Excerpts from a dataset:
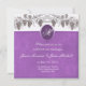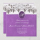 Este convite de casamento apresenta um desenho antigo de uvas em uma videira com uma aparência texturizada de uva/cor roxa. O oval roxo escuro inclui um monograma personalizável que você pode mudar. Perfeito para o casal que ama todas as coisas roxas (ou vinho!). O papel selecionado é ouro metálico - você pode mudar o estilo do papel se quiser ajustado o seu tema.
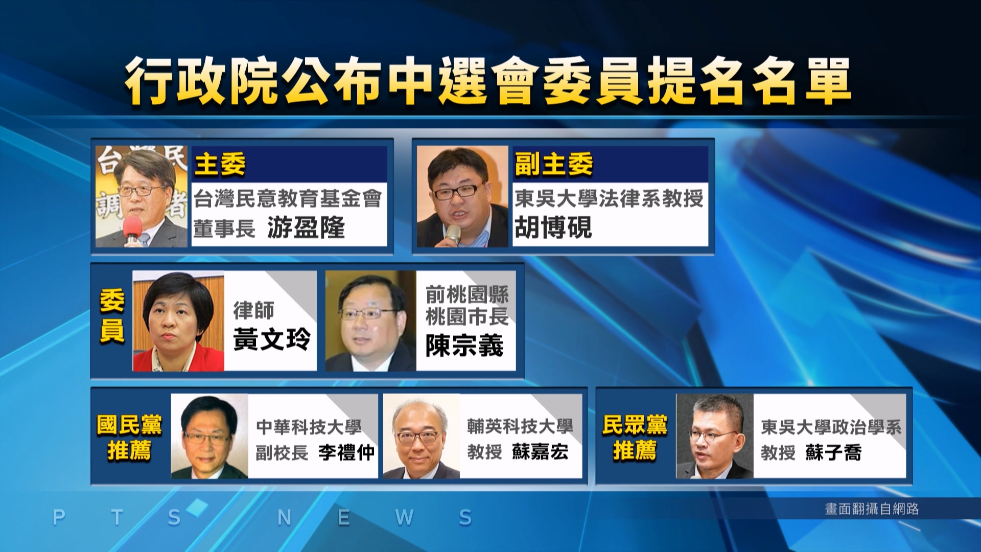 中選會7委員提名名單出爐 政院納藍白推薦人選
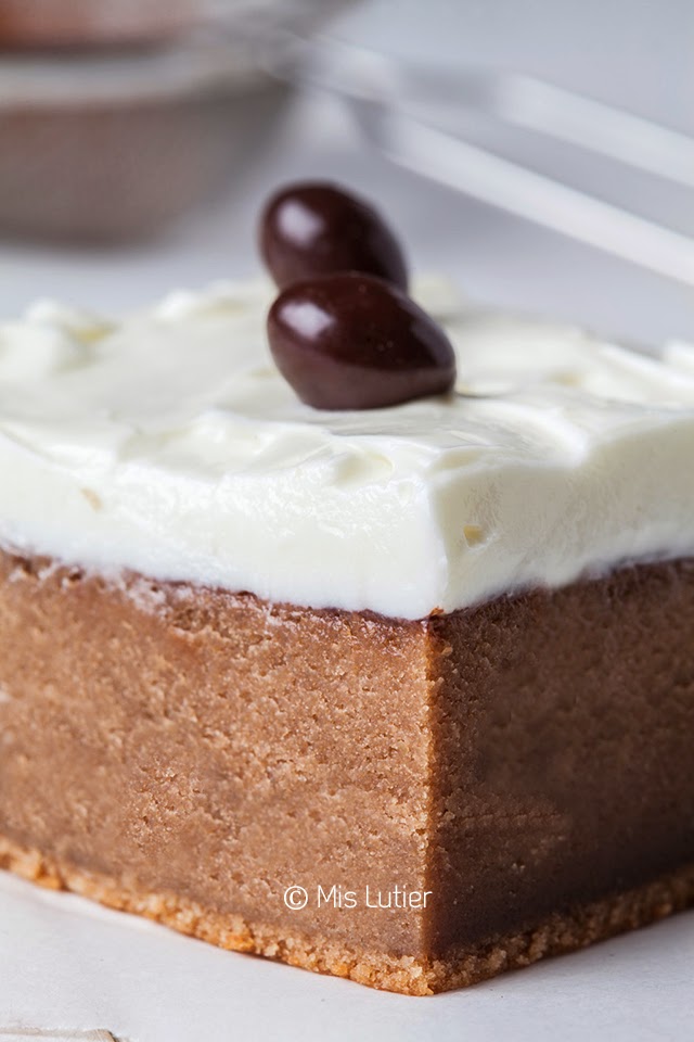 (7) Sobre el bizcocho ya frío espolvorear un poco de cacao, sobre él extender una buena capa de la mezcla con el queso crema, y finalmente decorar con los conguitos o chocolates.
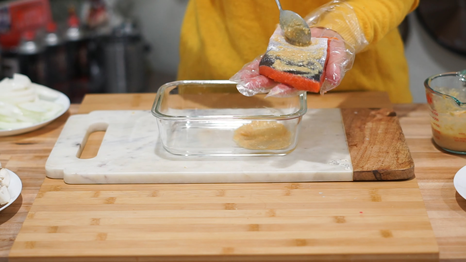 Cover the salmon fillet with the miso marinade on all sides and put it in the recipient.
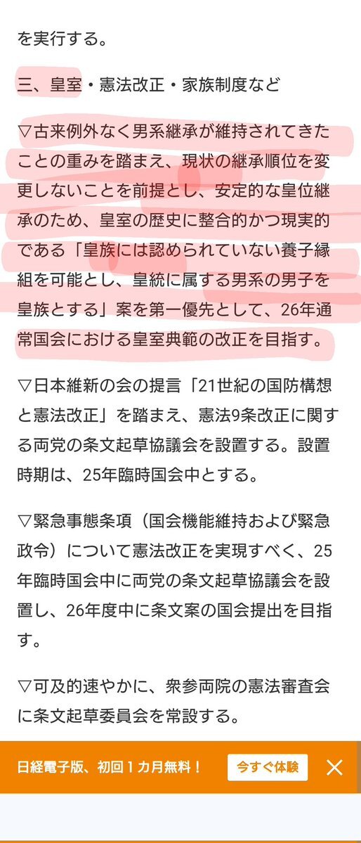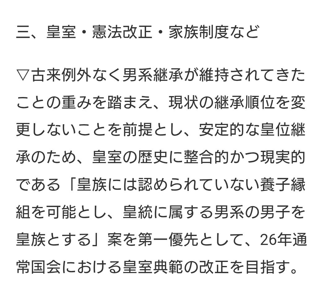 返信先:@utahime18自民党と日本維新の会の「連立政権合意書」に現状の継承順位を変更しないことを前提に、養子縁組を可能にし、皇統に属する男系男子を皇族にする、という旨の記載があります。直系長子の敬宮愛子殿下の皇位継承を女子を理由に認めていません。 #自民党維新の会連立政権合意書 #敬宮愛子殿下 pic.x.com/LYzmCz75gO
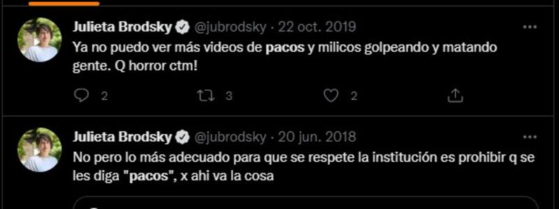 “Nosotros como Gobierno respaldamos completamente a Carabineros. Carabineros cumple una función fundamental en nuestra sociedad, esos tuits fueron dichos en un contexto específico de mucha frustración, lo digo desde un nivel más personal, hay eventos concretos que ocurrieron esos días que nos generaron molestia y frustración”, explicó el secretario de Estado al ser consultado por la prensa.

_Your goal:_
Your job is to transcribe the entries above exactly; skip the pictures.

_Output for this exercise:_
 Este convite de casamento apresenta um desenho antigo de uvas em uma videira com uma aparência texturizada de uva/cor roxa. O oval roxo escuro inclui um monograma personalizável que você pode mudar. Perfeito para o casal que ama todas as coisas roxas (ou vinho!). O papel selecionado é ouro metálico - você pode mudar o estilo do papel se quiser ajustado o seu tema.
 中選會7委員提名名單出爐 政院納藍白推薦人選
 (7) Sobre el bizcocho ya frío espolvorear un poco de cacao, sobre él extender una buena capa de la mezcla con el queso crema, y finalmente decorar con los conguitos o chocolates.
 Cover the salmon fillet with the miso marinade on all sides and put it in the recipient.
 返信先:@utahime18自民党と日本維新の会の「連立政権合意書」に現状の継承順位を変更しないことを前提に、養子縁組を可能にし、皇統に属する男系男子を皇族にする、という旨の記載があります。直系長子の敬宮愛子殿下の皇位継承を女子を理由に認めていません。 #自民党維新の会連立政権合意書 #敬宮愛子殿下 pic.x.com/LYzmCz75gO
 “Nosotros como Gobierno respaldamos completamente a Carabineros. Carabineros cumple una función fundamental en nuestra sociedad, esos tuits fueron dichos en un contexto específico de mucha frustración, lo digo desde un nivel más personal, hay eventos concretos que ocurrieron esos días que nos generaron molestia y frustración”, explicó el secretario de Estado al ser consultado por la prensa.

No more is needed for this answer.